К этому времени весь экипаж был на ногах. Капитан занял место на мостике и опытным взглядом оценил ситуацию. Ничего хорошего она не сулила. Идти прежним курсом, пробиваясь через набирающий силу шторм, было рискованно. Вздымавшаяся за бортом волна и трещавший под ее ударами по всем швам корпус будили в нем тревогу. Еще больше ее усиливали нарастающий грохот разболтавшегося в креплениях леса-кругляка. С таким опасным грузом бороться со штормом было равносильно игре в кошки-мышки с самой смертью. И чтобы избежать встречи с надвигавшейся стихией, у Исмаила оставался единственный выход — менять курс на юго-восток, но там могла подстерегать другая опасность — грузинские сторожевые корабли. Из двух зол капитан Исмаил выбрал, как ему казалось, наименьшее — курс на Батуми.
Подгоняемый попутным ветром и волной сухогруз все дальше уходил на юго-восток и перед рассветом, когда до турецкого берега оставалось не больше пятидесяти миль, напоролся на грузинский сторожевик. Его хищный силуэт появился в нескольких километрах за кормой. Надежда на то, что с ним удастся мирно разойтись, у капитана Исмаила быстро улетучилась. Яркий сноп света прожектора разорвал мрак, как сторожевой пес, «обнюхал» палубу сухогруза и остановился на рубке. Вид судна выдавал его с головой, поэтому рассчитывать на снисхождение не приходилось, и капитан Исмаил дал команду «Полный вперед!».

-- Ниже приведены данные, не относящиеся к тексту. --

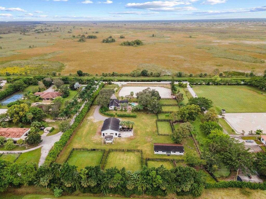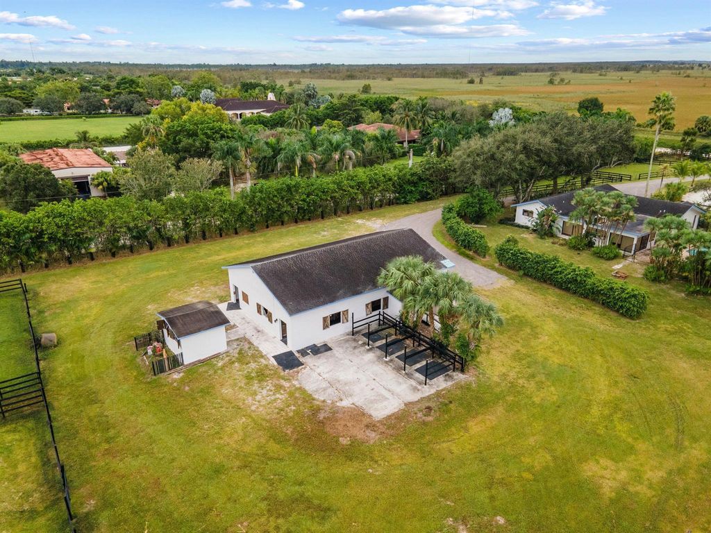 Very private 5 acre property 1 1/2 miles south of main equestrian venues. Turnkey 6 bedroom, 3 bath furnished house with private pool.Equestrian amenities include 220' x 180' ring.Two barns 8 stalls each, and ample room for temporary stalls. 4 wash stalls attached to first barn, tack room, feed shed, 10 large paddocks. Maintenance machinery on site.
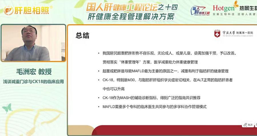 寧波大學(xué)附屬第一醫(yī)院內(nèi)分泌科毛洲宏教授在會議上圍繞“減重門診與CK18的臨床應(yīng)用”作專題報告,強調(diào)國家衛(wèi)健委“體重管理年”政策推動下,醫(yī)療機構(gòu)需加強減重門診建設(shè),為超重及肥胖人群提供專業(yè)化服務(wù)。毛教授也以本院“肥胖俱樂部”在開設(shè)近十年的真實經(jīng)驗,給我們科普了減重管理的重要性。目前,我國超重肥胖形勢嚴峻,超50%成人存在體重異常,肥胖與代謝相關(guān)脂肪性肝?。∕AFLD)密切相關(guān),約20% MAFLD患者可能進展為脂肪性肝炎(MASH),T2DM患者合并MAFLD比例高達65.04%。毛教授指出,傳統(tǒng)檢測手段如ALT、B超在早期診斷MASH及纖維化中存在局限性,而細胞角蛋白18(CK-18)片段作為新型生物標志物,通過M30/M65片段可無創(chuàng)評估肝細胞凋亡與壞死,其敏感性與特異性顯著優(yōu)于傳統(tǒng)指標。此外,MAFLD需多學(xué)科協(xié)作管理,結(jié)合減重、改善代謝、抗纖維化等綜合干預(yù)措施,定期監(jiān)測高危人群。毛教授總結(jié)稱,CK18的應(yīng)用將推動MAFLD精準診療,而政策支持與多學(xué)科模式普及,為肥胖及相關(guān)代謝疾病防控注入新動力。

Бешеная тряска и топот ног по палубе сорвали с коек Ибрагима, Урала и Окана. Они выскочили на палубу. Хлестнувший в лицо ветер и ослепивший глаза луч прожектора сказали все без слов. Серый силуэт грузинского сторожевика неумолимо приближался. Капитан Исмаил предпринимал отчаянные попытки оторваться, но луч прожектора снова находил судно среди волн.
Сквозь шум моря и рев двигателя прорвался усиленный ваттами электроники голос. На английском языке с ужасающим акцентом он требовал остановиться. Ибрагим метнул взгляд на приборную доску, но суматошно мечущиеся стрелки ему ничего не сказали, и воскликнул:
— Капитан, сколько осталось до Турции?
— Миль тридцать!
— Успеем?!
— Не знаю, если только…
Капитан Исмаил так и не успел договорить. Пулеметная очередь зловеще прошелестела над палубой и рикошетом взвизгнула на мачте.
— Право руля! — закричал он, пытаясь в очередной раз вырвать судно из луча прожектора.
Палуба ушла из-под ног, и Ибрагим, вцепившись в поручни, едва устоял на ногах. В следующее мгновение он, а за ним Урал и Окан метнулись к трапу и спустились в каюту. Смахнув с крышки тайника хлам, Ибрагим запустил руку в щель, вытащил пистолеты и гранаты.
Окан вставил магазин в пистолет, передернул затвор и сунул в карман куртки, в другой опустил две гранаты. То же самое повторил Ибрагим.
— Ребята, и мне что-нибудь дайте! — попросил Урал.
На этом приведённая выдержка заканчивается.